Work instructions:
From top to bottom, return the listing exactly as it appears, omitting its images.

Data extract:
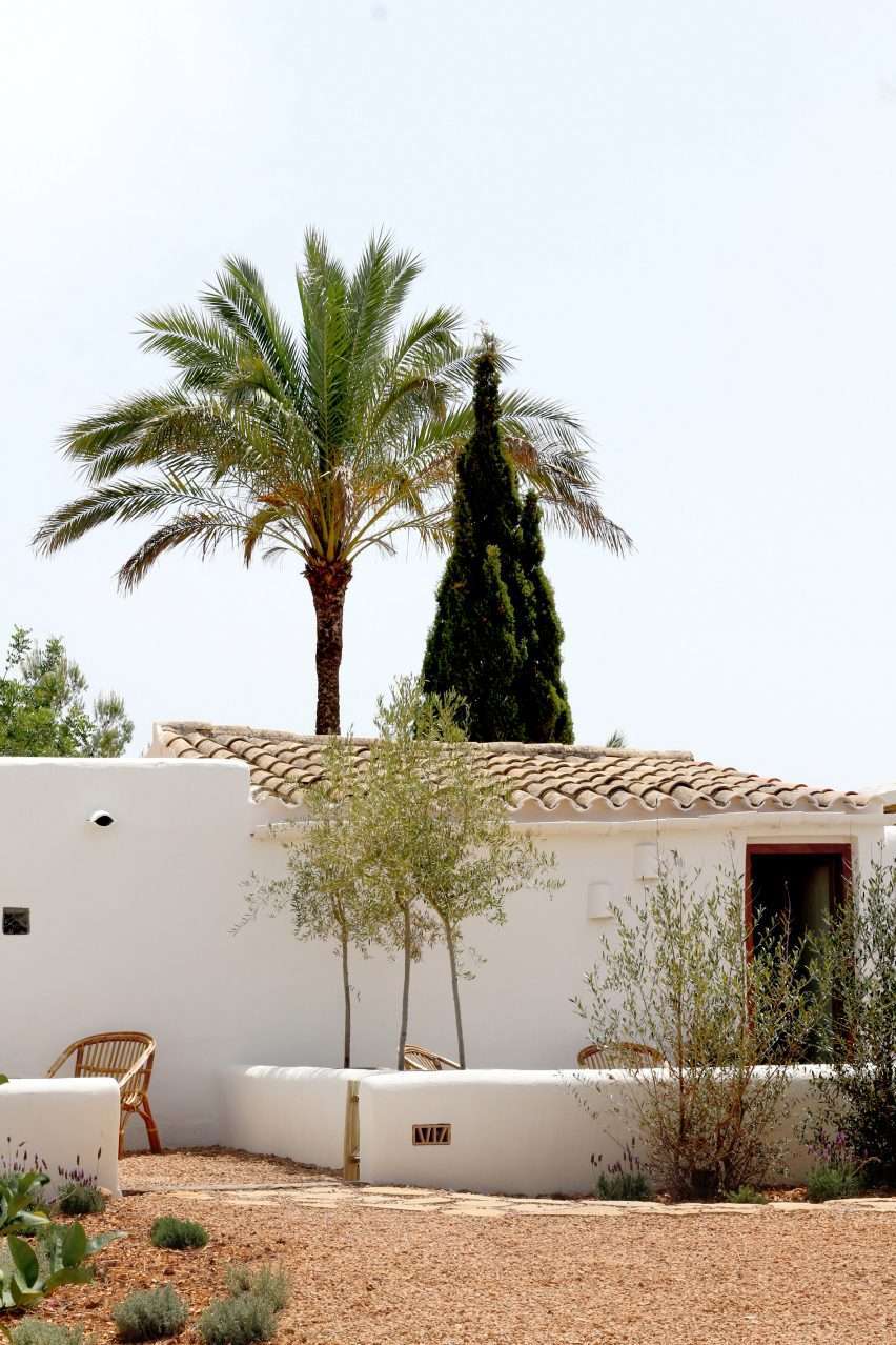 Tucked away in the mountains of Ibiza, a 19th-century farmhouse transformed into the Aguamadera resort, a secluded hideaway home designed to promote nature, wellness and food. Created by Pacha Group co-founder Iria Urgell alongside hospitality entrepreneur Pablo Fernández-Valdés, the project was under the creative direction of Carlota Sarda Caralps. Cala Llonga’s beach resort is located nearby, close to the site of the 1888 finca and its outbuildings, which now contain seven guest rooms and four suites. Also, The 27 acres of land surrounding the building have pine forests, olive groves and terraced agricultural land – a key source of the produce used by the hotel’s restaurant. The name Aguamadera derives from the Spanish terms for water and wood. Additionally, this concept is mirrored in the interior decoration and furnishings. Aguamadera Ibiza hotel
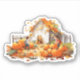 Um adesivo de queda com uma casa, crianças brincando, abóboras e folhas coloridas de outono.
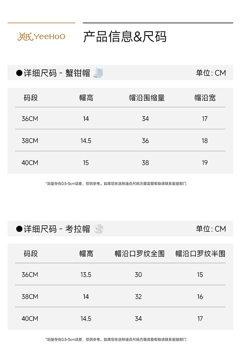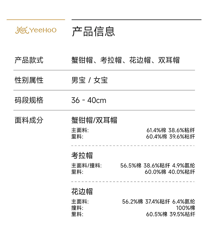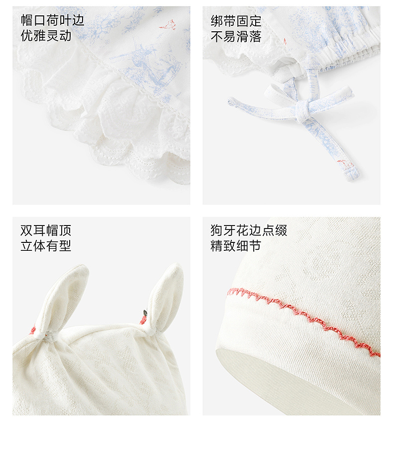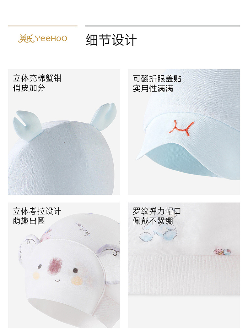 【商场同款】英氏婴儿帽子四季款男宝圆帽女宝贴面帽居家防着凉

Solution to the problem:
 Tucked away in the mountains of Ibiza, a 19th-century farmhouse transformed into the Aguamadera resort, a secluded hideaway home designed to promote nature, wellness and food. Created by Pacha Group co-founder Iria Urgell alongside hospitality entrepreneur Pablo Fernández-Valdés, the project was under the creative direction of Carlota Sarda Caralps. Cala Llonga’s beach resort is located nearby, close to the site of the 1888 finca and its outbuildings, which now contain seven guest rooms and four suites. Also, The 27 acres of land surrounding the building have pine forests, olive groves and terraced agricultural land – a key source of the produce used by the hotel’s restaurant. The name Aguamadera derives from the Spanish terms for water and wood. Additionally, this concept is mirrored in the interior decoration and furnishings. Aguamadera Ibiza hotel
 Um adesivo de queda com uma casa, crianças brincando, abóboras e folhas coloridas de outono.
 【商场同款】英氏婴儿帽子四季款男宝圆帽女宝贴面帽居家防着凉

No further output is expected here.